### [What you will do]
Quote the lines below from the one containing "7600 valve, D" to the final line, both ends included; exclude the pictures.

### [Data below]
* * * * *
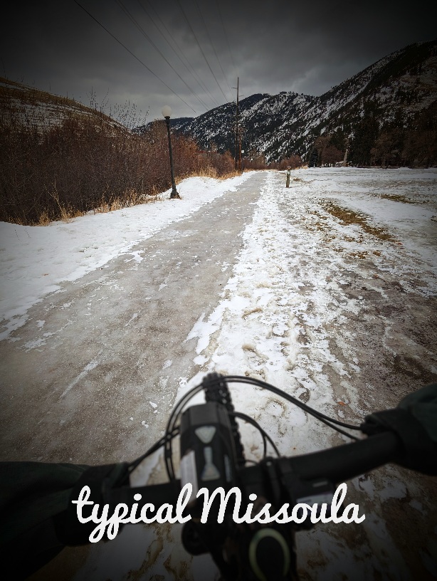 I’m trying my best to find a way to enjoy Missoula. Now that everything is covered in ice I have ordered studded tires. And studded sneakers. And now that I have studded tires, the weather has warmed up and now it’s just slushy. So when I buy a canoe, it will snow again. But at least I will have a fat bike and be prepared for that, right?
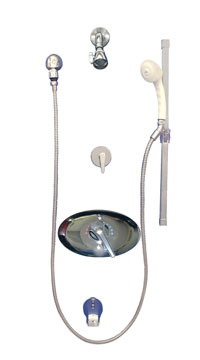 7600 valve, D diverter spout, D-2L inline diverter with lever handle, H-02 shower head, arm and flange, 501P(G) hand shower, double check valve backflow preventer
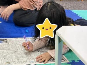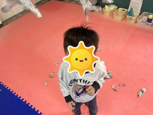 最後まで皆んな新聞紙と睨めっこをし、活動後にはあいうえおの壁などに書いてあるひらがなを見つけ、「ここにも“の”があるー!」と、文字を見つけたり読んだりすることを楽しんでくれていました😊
* * * * *
### [Response to the exercise]
 7600 valve, D diverter spout, D-2L inline diverter with lever handle, H-02 shower head, arm and flange, 501P(G) hand shower, double check valve backflow preventer
 最後まで皆んな新聞紙と睨めっこをし、活動後にはあいうえおの壁などに書いてあるひらがなを見つけ、「ここにも“の”があるー!」と、文字を見つけたり読んだりすることを楽しんでくれていました😊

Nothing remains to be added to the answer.